Les Infants Terribles. (1950) Director, Jean-Pierre Melville. Screenplay: Jean Cocteau. Actors: Nicole Stephane (Elisabeth), Edouard Dermithe (Paul), Renee Cosima (Dargelos/Agathe), Jacques Bernard (Gerard), Melvyn Martin (Michael). Melville is considered to be a director who anticipated French Nouvelle Vague.
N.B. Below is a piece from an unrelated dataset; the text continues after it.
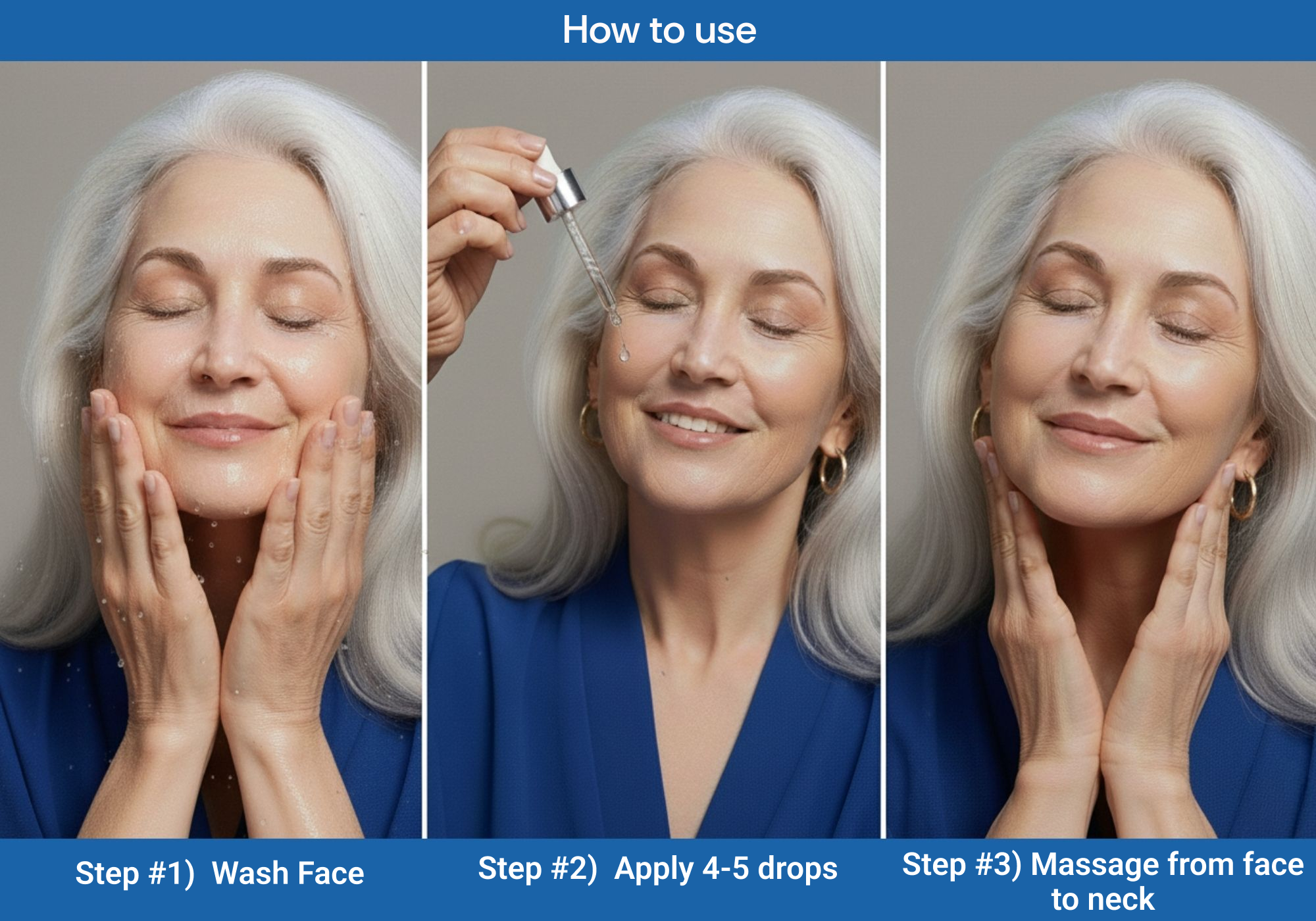 - Apply 4-5 drops of serum to your face and neck

He's best known for his gangster films, e.g. Bob le Flambeur & Le Samourai. This one precedes and is quite unlike the gangster films, and it's loony loony loony. Almost a French screwball comedy played straight. Probably this can be attributed to Cocteau. Stay for the brother-sister fights where the adults basically act like twelve year olds. The two have grown up in the hot house environment of a single apartment with their dying mother, nursed by Elisabeth. Paul goes to school but conveniently becomes an invalid for sister to nurse when the mother dies. Paul's injury is the result of being injured by a snowball (!) thrown by fellow student Dargelos. Dargelos has a scene with the school principal when he (at this point) gets expelled that is on the level of the brother-sister fights. Part of the loony atmosphere is the way the seemingly normal ancillary characters -- family friend Gerard and his father, the maid Marietta, Elisabeth's fiancee Michael -- overlook the arrested development of the siblings. Then there is the unexpressed romance of Agatha and Paul which Elisabeth does her best to break up. Paul falls for her because she looks so much like Dargelos (who becomes a successful businessman after being expelled). Oh, and Elisabeth becomes a successful model overnight, becomes Agatha's purported BFF and marries a millionaire (Michael) who plays the piano and sings, and who dies the day after the wedding and leaves her a rich widow. Unlike an American comedy, there are obvious incest and gay undertones in the screenplay which for all I know inspired Tennessee Williams, and which might have seemed naughty in the 1950s. Black and white w/subtitles.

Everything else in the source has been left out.